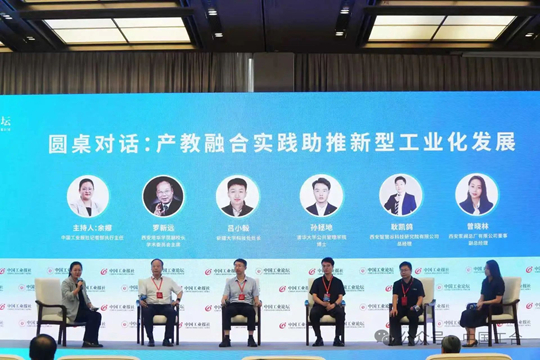 在以“產教融合實踐助推新型工業化發展”為主題的圓周對話環節,西安培華學院副校長羅新遠,新疆大學科技處處長呂小毅,清華大學公共管理學院博士孫拯地,西安智慧谷科技研究院總經理耿凱鴿,西安泵閥總廠有限公司董事、副總經理曾曉林,圍繞產教融合如何更好地服務新型工業化發展這一核心問題,結合各自領域的實踐經驗,從人才培養模式創新、科研成果轉化、校企合作機制構建等方面展開深入交流。
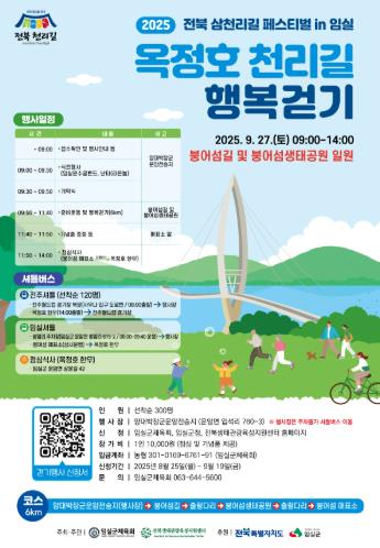 [뉴스앤톡] 임실군체육회와 전북생태관광육성지원센터 주관으로 오는 9월 27일 오전 9시 옥정호 붕어섬과 천리길 일원에서‘전북 삼천리길 페스티벌 in 임실 – 2025 옥정호 천리길 행복걷기’를 개최한다.
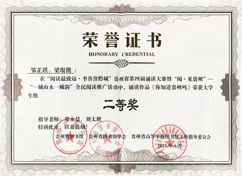 在贵州省图书馆主办的“阅读最致远·书香誉黔城”第四届诵读大赛暨“阅·见贵州”全民阅读推广活动中,2022级汉语言文学二班邹芷琪同学以声传情、以诵达意,凭借对《你知道贵州吗》一文的精彩演绎,摘得省级二等奖。她以富有感染力的语言艺术,将贵州故事娓娓道来,既展现了深厚的语言表达功底,更传递了对本土文化的深刻理解与热爱。
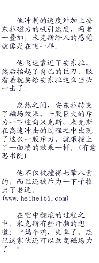 米克斯知道,安东拉这是在发挥自己的磁力能力了。
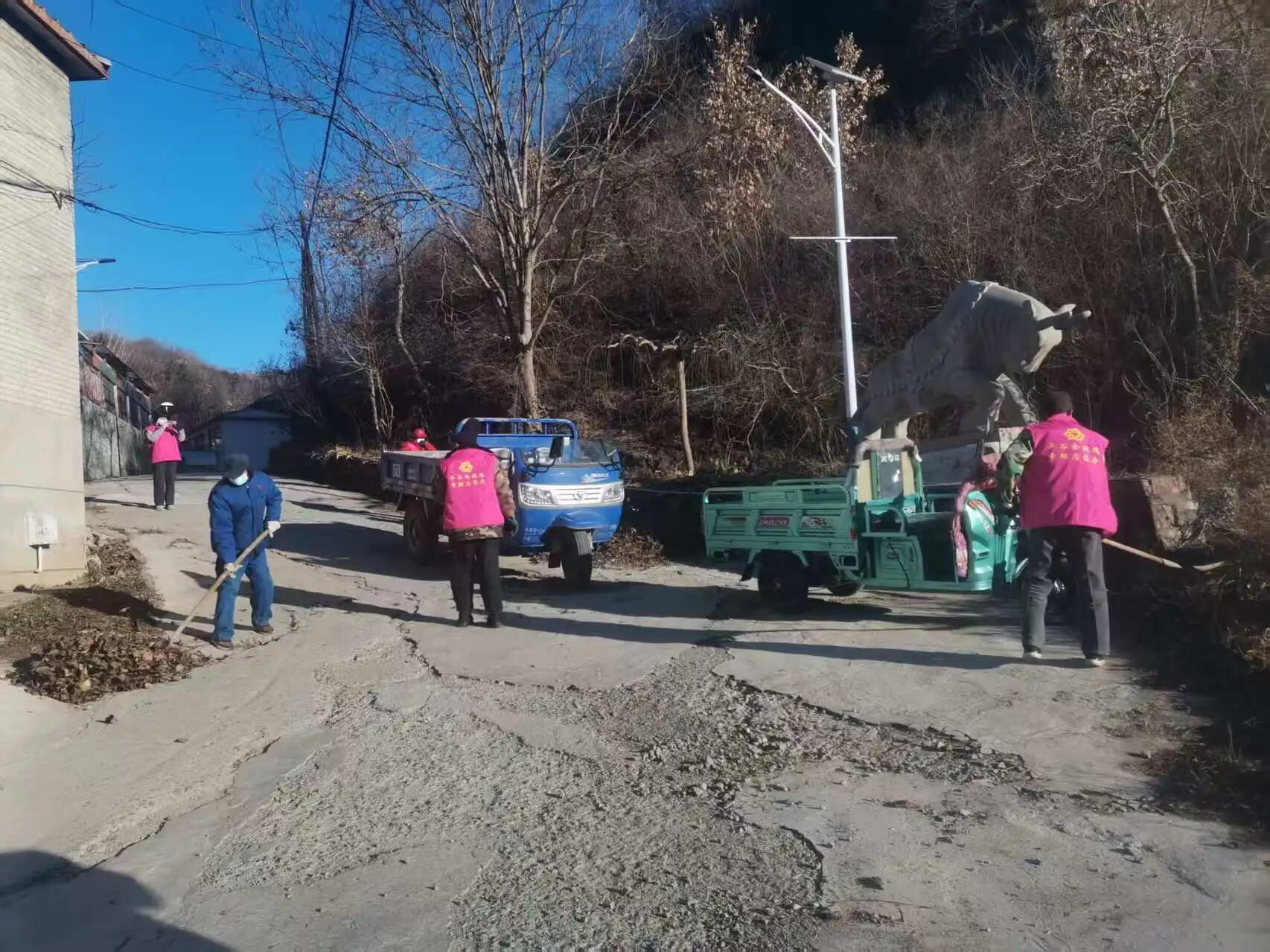 活动中,身着统一标识的“金玫瑰”志愿者们充分发扬不怕脏、不怕累的奉献精神,手持清洁工具,深入村庄主干道沿线、公共绿地、河道沟渠周边及农业生产区域,对散落、堆积的秸秆、枯枝等各类农林废弃物进行地毯式清理和集中清运。她们分工协作,配合默契,不仅清除了视觉污染和安全隐患,也有效减少了潜在的焚烧风险和土壤污染,促进了资源的合理化处置,为提升乡村整体环境质量贡献了巾帼力量。

◇ ◇ ◇ ◇

YOUR INSTRUCTIONS :: With the pictures excluded, the line containing "[뉴스앤톡] 임실군체육회와 전북생태관광육성지원센터" and every line after it through the end of the data above are to be transcribed exactly, and nothing more.

EXERCISE RESULT ::
 [뉴스앤톡] 임실군체육회와 전북생태관광육성지원센터 주관으로 오는 9월 27일 오전 9시 옥정호 붕어섬과 천리길 일원에서‘전북 삼천리길 페스티벌 in 임실 – 2025 옥정호 천리길 행복걷기’를 개최한다.
 在贵州省图书馆主办的“阅读最致远·书香誉黔城”第四届诵读大赛暨“阅·见贵州”全民阅读推广活动中,2022级汉语言文学二班邹芷琪同学以声传情、以诵达意,凭借对《你知道贵州吗》一文的精彩演绎,摘得省级二等奖。她以富有感染力的语言艺术,将贵州故事娓娓道来,既展现了深厚的语言表达功底,更传递了对本土文化的深刻理解与热爱。
 米克斯知道,安东拉这是在发挥自己的磁力能力了。
 活动中,身着统一标识的“金玫瑰”志愿者们充分发扬不怕脏、不怕累的奉献精神,手持清洁工具,深入村庄主干道沿线、公共绿地、河道沟渠周边及农业生产区域,对散落、堆积的秸秆、枯枝等各类农林废弃物进行地毯式清理和集中清运。她们分工协作,配合默契,不仅清除了视觉污染和安全隐患,也有效减少了潜在的焚烧风险和土壤污染,促进了资源的合理化处置,为提升乡村整体环境质量贡献了巾帼力量。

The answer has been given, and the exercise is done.